An acceptable answer contains every record below, unchanged, and no pictures.

□ □ □

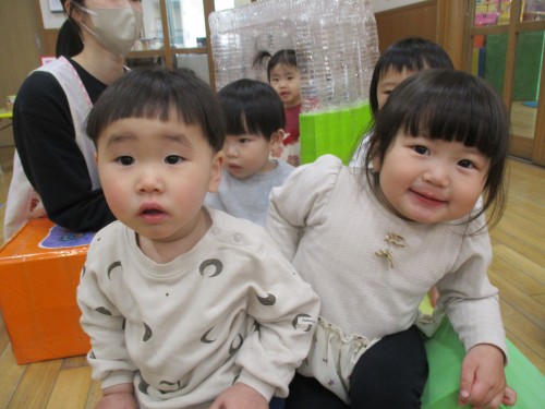 ソフト積み木に座って仲良くハイチーズ📸
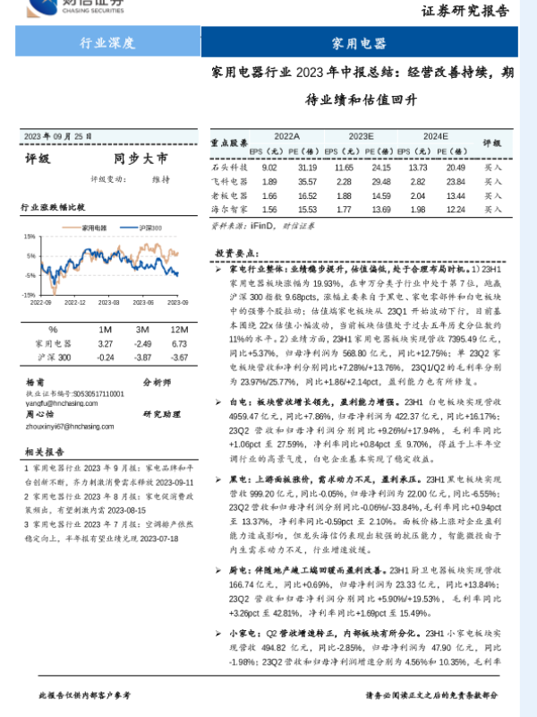 【财信证券】【20230925】家用电器行业2023年中报总结:经营改善持续,期待业绩和估值回升-19页
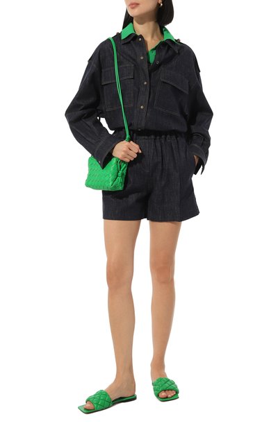 Шлепанцы Riva с квадратным мысом выполнили из гладкой кожи ягненка. Модель с широкими ремешками, сплетенными в знаковой технике intrecciato, установили на подошву с резиновой аутсолью и наборным каблуком.
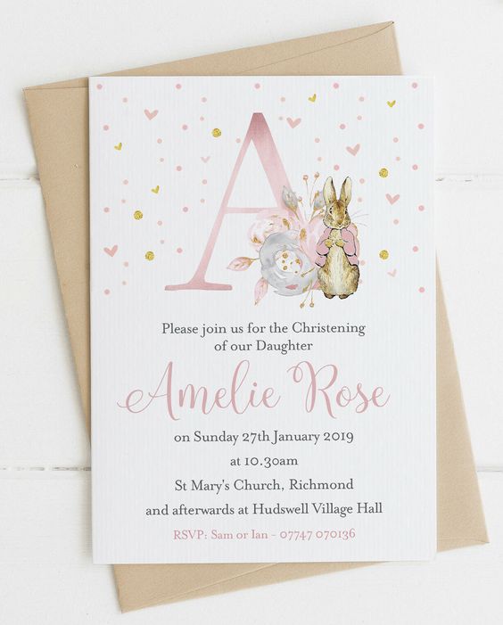 Kartu su savo tėveliais, XXX (mamos vardas) ir XXX (tėčio vardas), kviečiu Jus į savo krikštynas, kurios įvyks šių metų XXX d. (data) XX val. XXX (bažnyčia). Po ceremonijos pietausime XXX (sodybos ar kavinės pavadinimas), adresu XXX. Aš ir mano tėveliai Jums pažadame puikią šventę, kurioje Jūsų lauks šampano taurė, o manęs – stiklinė pieno. Na, o pasivaišinusi aš eisiu miegoti, o Jūs – pasišokti.
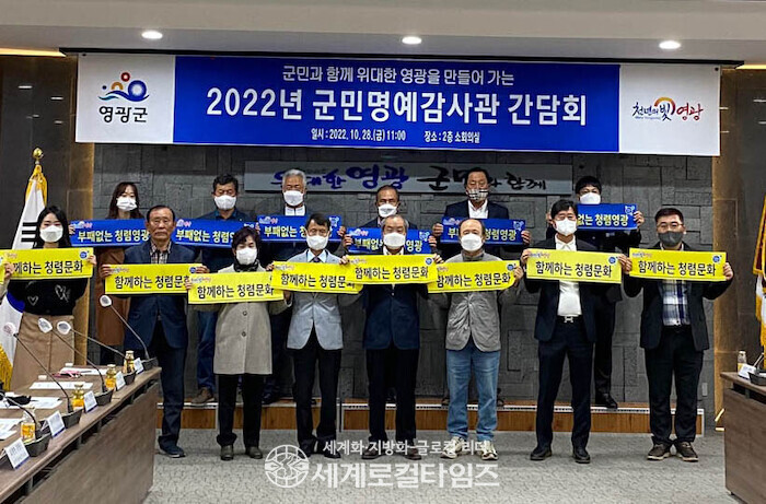 [세계로컬타임즈 이남규 기자] 전남 영광군이 28일 오전, ‘청렴한 영광 실현’을 위한 군민명예감사관 간담회를 개최했다.

□ □ □

Exercise output ▸
 ソフト積み木に座って仲良くハイチーズ📸
 【财信证券】【20230925】家用电器行业2023年中报总结:经营改善持续,期待业绩和估值回升-19页
 Шлепанцы Riva с квадратным мысом выполнили из гладкой кожи ягненка. Модель с широкими ремешками, сплетенными в знаковой технике intrecciato, установили на подошву с резиновой аутсолью и наборным каблуком.
 Kartu su savo tėveliais, XXX (mamos vardas) ir XXX (tėčio vardas), kviečiu Jus į savo krikštynas, kurios įvyks šių metų XXX d. (data) XX val. XXX (bažnyčia). Po ceremonijos pietausime XXX (sodybos ar kavinės pavadinimas), adresu XXX. Aš ir mano tėveliai Jums pažadame puikią šventę, kurioje Jūsų lauks šampano taurė, o manęs – stiklinė pieno. Na, o pasivaišinusi aš eisiu miegoti, o Jūs – pasišokti.
 [세계로컬타임즈 이남규 기자] 전남 영광군이 28일 오전, ‘청렴한 영광 실현’을 위한 군민명예감사관 간담회를 개최했다.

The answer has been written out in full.